Should one exaggerate to get people to act?
Beyond the mainstream headlines, there is certainly a debate going on among experts about the extent of the misuse of RCP 8.5. No one disputes that the scenario is highly unlikely, but there are those, like ecologist and climate scientist Christopher Schwalm, who think there is value in using extreme scenarios to have both braces and a life jacket, so to speak. He is countered by, among others, climatologist Zeke Hausfather, who points out that RCP 8.5, and thus Schwalm's opinion, overestimates the contribution of fossil fuels to the carbon dioxide content.
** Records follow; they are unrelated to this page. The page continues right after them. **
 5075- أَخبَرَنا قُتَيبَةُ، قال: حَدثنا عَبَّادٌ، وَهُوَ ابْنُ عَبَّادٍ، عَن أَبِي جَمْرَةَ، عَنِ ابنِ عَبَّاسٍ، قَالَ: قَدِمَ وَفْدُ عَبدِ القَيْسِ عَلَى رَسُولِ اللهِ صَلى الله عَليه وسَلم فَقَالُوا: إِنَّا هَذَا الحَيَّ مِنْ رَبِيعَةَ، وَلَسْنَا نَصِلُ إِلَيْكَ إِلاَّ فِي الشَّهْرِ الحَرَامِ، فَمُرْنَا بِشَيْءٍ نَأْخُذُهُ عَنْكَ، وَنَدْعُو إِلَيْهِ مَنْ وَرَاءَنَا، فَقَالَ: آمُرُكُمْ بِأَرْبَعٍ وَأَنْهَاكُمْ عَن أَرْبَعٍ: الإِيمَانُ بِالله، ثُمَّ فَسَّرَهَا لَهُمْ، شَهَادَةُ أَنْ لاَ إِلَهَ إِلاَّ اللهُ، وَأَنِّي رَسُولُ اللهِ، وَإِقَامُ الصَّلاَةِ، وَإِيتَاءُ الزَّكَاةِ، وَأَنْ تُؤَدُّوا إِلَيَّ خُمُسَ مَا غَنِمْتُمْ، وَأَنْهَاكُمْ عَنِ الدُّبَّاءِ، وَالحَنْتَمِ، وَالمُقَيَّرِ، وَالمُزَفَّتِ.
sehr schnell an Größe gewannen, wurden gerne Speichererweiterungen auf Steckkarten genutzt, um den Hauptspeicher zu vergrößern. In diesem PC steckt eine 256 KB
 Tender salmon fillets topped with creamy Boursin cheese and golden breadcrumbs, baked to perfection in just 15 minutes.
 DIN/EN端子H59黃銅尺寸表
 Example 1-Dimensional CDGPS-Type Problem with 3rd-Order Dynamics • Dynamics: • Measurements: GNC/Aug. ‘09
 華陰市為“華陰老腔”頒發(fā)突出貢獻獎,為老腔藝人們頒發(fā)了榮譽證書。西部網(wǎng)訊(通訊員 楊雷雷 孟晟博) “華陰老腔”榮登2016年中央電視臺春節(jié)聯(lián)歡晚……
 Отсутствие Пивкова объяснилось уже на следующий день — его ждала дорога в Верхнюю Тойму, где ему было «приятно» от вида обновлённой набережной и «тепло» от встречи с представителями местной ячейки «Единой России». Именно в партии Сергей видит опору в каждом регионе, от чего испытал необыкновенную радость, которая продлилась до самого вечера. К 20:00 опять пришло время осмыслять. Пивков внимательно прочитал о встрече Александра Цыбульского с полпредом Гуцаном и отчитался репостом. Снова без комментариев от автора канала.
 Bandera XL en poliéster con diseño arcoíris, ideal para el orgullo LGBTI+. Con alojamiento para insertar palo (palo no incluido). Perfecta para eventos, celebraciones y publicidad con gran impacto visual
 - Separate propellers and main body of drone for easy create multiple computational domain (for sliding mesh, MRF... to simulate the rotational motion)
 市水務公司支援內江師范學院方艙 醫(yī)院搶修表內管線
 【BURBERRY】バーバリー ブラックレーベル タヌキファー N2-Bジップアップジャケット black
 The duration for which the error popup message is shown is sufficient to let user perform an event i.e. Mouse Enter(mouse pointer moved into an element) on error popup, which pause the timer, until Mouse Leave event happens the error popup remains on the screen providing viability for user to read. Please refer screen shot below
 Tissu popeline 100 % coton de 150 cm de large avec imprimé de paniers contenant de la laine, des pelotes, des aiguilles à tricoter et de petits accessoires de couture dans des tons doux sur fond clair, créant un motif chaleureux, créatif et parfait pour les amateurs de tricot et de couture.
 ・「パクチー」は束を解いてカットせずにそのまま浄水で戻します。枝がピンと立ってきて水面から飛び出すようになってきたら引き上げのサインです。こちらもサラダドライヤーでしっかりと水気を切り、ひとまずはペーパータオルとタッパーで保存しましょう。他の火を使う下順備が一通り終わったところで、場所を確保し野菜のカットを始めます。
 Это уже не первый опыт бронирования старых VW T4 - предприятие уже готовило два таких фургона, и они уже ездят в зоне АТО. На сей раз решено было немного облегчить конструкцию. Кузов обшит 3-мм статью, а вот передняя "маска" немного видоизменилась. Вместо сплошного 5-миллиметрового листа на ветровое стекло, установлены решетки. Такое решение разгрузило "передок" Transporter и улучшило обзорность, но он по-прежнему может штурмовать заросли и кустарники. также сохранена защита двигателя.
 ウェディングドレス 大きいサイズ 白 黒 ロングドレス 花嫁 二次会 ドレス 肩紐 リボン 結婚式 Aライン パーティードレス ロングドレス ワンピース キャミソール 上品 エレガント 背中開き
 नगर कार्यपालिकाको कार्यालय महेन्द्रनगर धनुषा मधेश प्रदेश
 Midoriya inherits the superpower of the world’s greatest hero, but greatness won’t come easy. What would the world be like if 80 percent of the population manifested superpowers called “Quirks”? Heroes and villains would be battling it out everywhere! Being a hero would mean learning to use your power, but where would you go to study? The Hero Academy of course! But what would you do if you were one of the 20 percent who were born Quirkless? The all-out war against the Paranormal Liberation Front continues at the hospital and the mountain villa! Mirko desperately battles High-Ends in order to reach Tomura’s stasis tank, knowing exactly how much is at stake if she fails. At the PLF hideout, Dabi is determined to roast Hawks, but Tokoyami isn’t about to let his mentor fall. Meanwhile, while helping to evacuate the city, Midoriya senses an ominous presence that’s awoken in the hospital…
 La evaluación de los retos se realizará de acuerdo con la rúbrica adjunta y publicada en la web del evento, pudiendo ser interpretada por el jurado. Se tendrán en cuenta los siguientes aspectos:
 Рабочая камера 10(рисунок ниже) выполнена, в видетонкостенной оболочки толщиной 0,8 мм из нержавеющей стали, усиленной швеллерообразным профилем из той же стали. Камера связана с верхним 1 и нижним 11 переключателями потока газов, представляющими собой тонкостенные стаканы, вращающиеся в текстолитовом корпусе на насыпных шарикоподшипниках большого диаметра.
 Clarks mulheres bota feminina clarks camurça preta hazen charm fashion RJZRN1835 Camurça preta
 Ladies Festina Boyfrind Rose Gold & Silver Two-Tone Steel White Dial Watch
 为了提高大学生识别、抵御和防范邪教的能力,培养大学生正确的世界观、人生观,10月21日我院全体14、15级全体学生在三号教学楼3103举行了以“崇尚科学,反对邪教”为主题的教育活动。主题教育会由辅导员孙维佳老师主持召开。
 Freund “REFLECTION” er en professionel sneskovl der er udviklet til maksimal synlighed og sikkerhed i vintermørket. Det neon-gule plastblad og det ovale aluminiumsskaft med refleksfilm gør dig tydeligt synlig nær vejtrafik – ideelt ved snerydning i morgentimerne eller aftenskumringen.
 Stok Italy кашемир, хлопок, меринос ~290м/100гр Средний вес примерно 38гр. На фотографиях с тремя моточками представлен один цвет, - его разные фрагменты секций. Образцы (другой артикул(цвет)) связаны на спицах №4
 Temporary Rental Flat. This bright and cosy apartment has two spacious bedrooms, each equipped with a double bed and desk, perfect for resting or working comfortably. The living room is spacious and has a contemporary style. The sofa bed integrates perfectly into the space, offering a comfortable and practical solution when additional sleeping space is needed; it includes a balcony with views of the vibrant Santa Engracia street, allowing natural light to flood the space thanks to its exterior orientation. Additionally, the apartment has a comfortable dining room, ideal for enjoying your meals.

Despite the media's weakness for doomsday headlines and despite the fact that almost no one has heard of the muted tone from the IPCC, there are quite a few climate actors who live in the opposite world: they think that the concern in the debate is too low. In a scientific article published on August 1 this year, eleven researchers from all over the world write that far too little research is being done on the worst-case scenarios regarding climate, such as society collapsing or humanity being wiped out.
The way the reporting looks, it is easy to get the impression that we are in a barrage of grim facts, which warrants all the alarm bells, but every now and then the occasional cautiously optimistic study pops up, and these small exceptions are torn apart by skeptics who would pick up what preferably out of their back pocket just to make their point.
The doomsday prophecies are out of date
In fact, it is rather the opposite: Whoever starts from what is actually written in the most important documents realizes that the doomsday prophecies are already out of date. Those who, on the other hand, want to convey an apocalyptic climate message have to take things out of their back pocket (outdated models) to make their thesis sound.